A letter purportedly written by the founder chairman days before his death had said his team, auditors, and senior management were “totally unaware” of his personal financial transactions. Siddhartha’s body was found on Wednesday on the banks of the Netravathi river in Karnataka, with police saying it appeared to be a case of suicide. (Read more here

6) Siddhartha's family may accelerate CCD sale process; Coke already in talks

The family of V G Siddhartha, the founder of Café Coffee Day (CCD) who was found dead on Wednesday after going missing on Monday in Mangaluru, may accelerate the process of finding buyers for the retail chain. Coca-Cola, the world’s largest beverage maker, is already in the fray, persons in the know said. Some names of interested players doing the rounds include Tata Global Beverages and Jubilant FoodWorks.

Mails sent to the two companies elicited no response till the time of going to press. Coca-Cola declined comment. (Read more here

7) Invesco Oppenheimer buys 11% of Essel group's stake in ZEEL for Rs 4,224 cr

Putting all speculation to rest, the Subhash Chandra-led Essel group on Wednesday said it had offloaded 11 per cent of the nearly 36 per cent promoter stake in Zee Entertainment Enterprises to existing investor Invesco Oppenheimer for Rs 4,224 crore.

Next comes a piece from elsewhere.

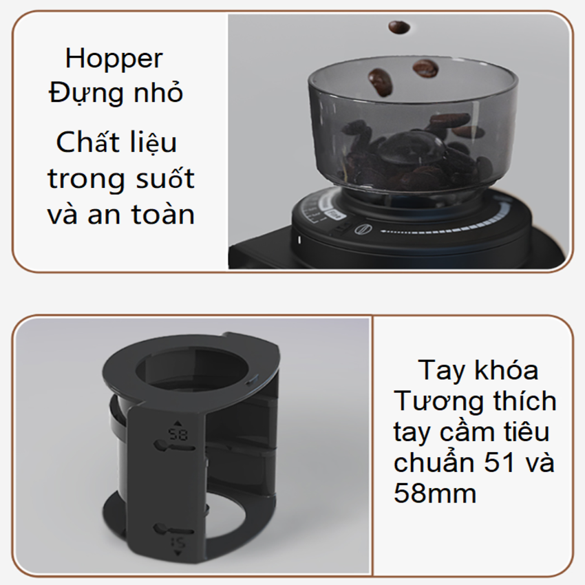 - Khay chứa cà phê trong suốt giúp bạn dễ dàng quan sát cà phê đang xay đồng thời dễ dàng tháo lắp tạo sự thuận tiện cho bạn khi chùi rửa.
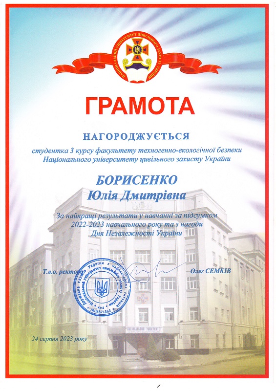За найкращі результати у навчанні за підсумком 2022-2023 навчального року та з нагоди Дня Незалежності України Грамотою за підписом т.в.о. ректора Національного університету цивільного захисту України Олега СЕМКІВА нагороджено Юлію БОРИСЕНКО, студентку 3 курсу факультету техногенно-екологічної безпеки, що навчається за освітньою програмою "Техногенно-екологічна безпека".

The deal, at Rs 400 per share, values Zee at a premium of 10.6 per cent over the current market price and will be used to pay off part of the promoter-level debt, which stands at Rs 11,000 crore. On Wednesday, Zee closed trade at Rs 361.45 per share, down 5.18 per cent over the previous day’s close on the BSE. (Read more here)

8) Tale of 2 PSUs: It's at least an 18-month wait before BSNL, MTNL are merged

Mahanagar Telephone Nigam (MTNL) will have to wait for at least 18 months to become a part of Bharat Sanchar Nigam (BSNL) as a joint panel will decide the fate of the two PSUs, post merger.

The joint committee will have representatives from both the companies and the department of telecommunications (DoT). It will deliberate on the outstanding human resource issues of the two sick public sector units, it is learnt. (Read more here)

9) Banks go slow on lending to auto dealers

A number of banks are concerned over a build-up of stress in their loans to automobile dealers and might proceed cautiously, even slowing down on disbursements, as the automobile sector faces its worst sales slowdown in more than a decade, the Economic Times reported on Thursday. 

According to the report, experts estimate that the total outstanding loans to automobile dealers are in the range of Rs 70,000-80,000 crore. 

(https://epaper.timesgroup.com/Olive/ODN/TheEconomicTimes/#) 

10) NBFC top execs move out to join banks, fintech

As the non-banking finance sector reels under a liquidity crunch, several senior professionals in the space have quit over the past year, while hundreds more are on the lookout for job openings elsewhere, reported the Economic Times on Thursday. 

The report said that the departures have halted the trend of banking talent moving to non-banking financial companies (NBFCs). Many top-tier executives, including CXOs, have already moved back to or are searching for safer avenues in fintech, banking, financial services and insurance, entrepreneurship and consulting or bigger, better-capitalised NBFCs, the report added, citing at least half-a-dozen hiring firms.